# Given material
◇ ◇ ◇ ◇ ◇
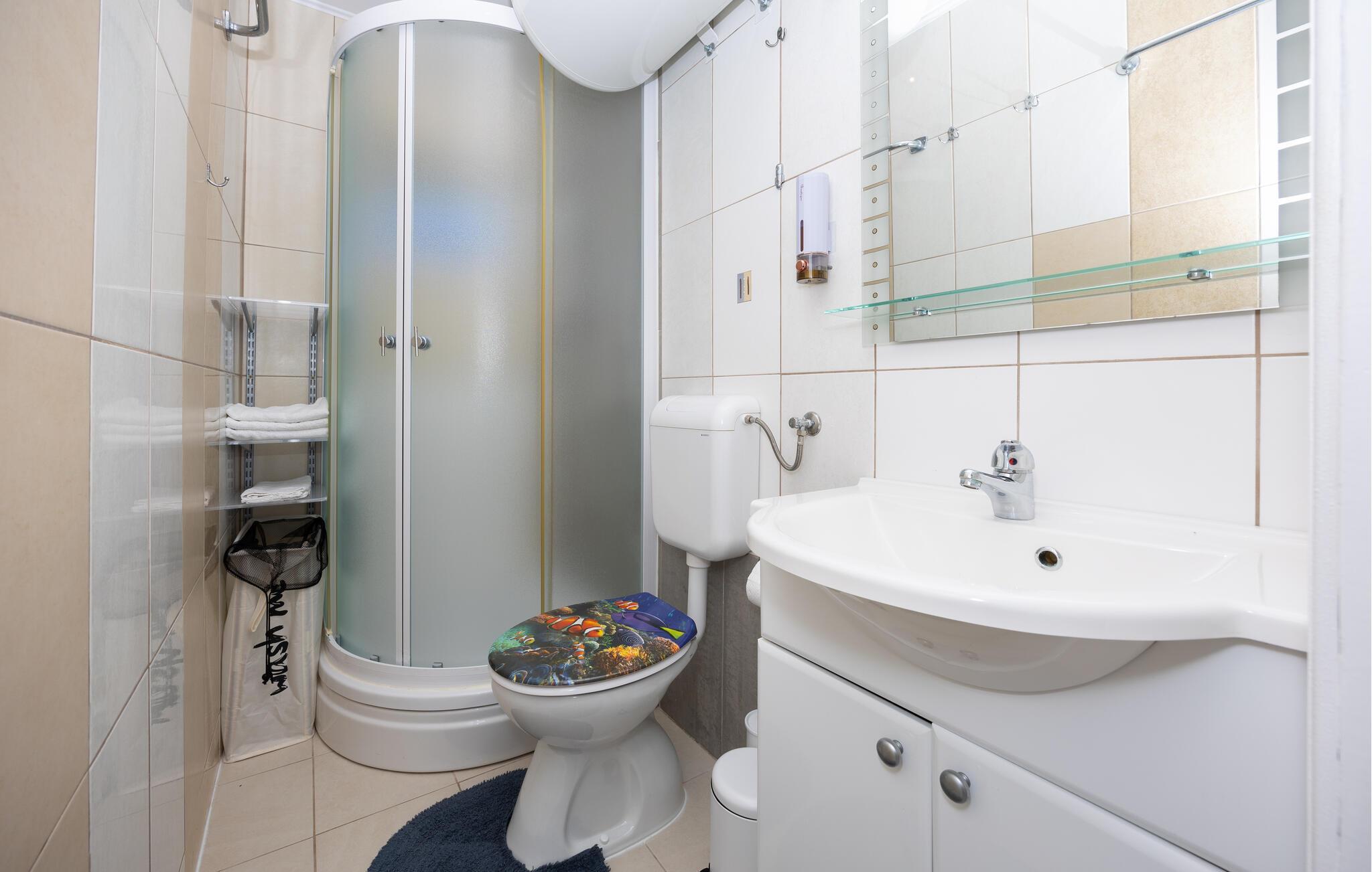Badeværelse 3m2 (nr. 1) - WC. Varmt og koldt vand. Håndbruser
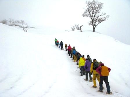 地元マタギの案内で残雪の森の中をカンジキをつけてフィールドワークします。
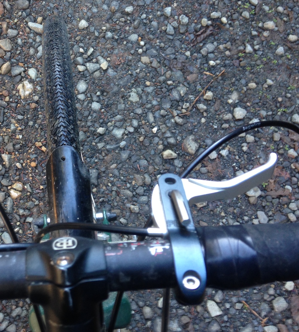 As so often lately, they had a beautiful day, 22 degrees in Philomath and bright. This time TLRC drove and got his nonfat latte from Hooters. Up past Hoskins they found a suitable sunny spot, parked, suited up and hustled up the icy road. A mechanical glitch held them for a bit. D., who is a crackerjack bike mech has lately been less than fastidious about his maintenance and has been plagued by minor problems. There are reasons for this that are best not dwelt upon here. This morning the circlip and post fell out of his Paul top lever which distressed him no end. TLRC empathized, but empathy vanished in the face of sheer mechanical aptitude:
◇ ◇ ◇ ◇ ◇
# Instructions to follow
Every line above should be transcribed word for word; leave the pictures out.

# Response for this exercise
Badeværelse 3m2 (nr. 1) - WC. Varmt og koldt vand. Håndbruser
 地元マタギの案内で残雪の森の中をカンジキをつけてフィールドワークします。
 As so often lately, they had a beautiful day, 22 degrees in Philomath and bright. This time TLRC drove and got his nonfat latte from Hooters. Up past Hoskins they found a suitable sunny spot, parked, suited up and hustled up the icy road. A mechanical glitch held them for a bit. D., who is a crackerjack bike mech has lately been less than fastidious about his maintenance and has been plagued by minor problems. There are reasons for this that are best not dwelt upon here. This morning the circlip and post fell out of his Paul top lever which distressed him no end. TLRC empathized, but empathy vanished in the face of sheer mechanical aptitude:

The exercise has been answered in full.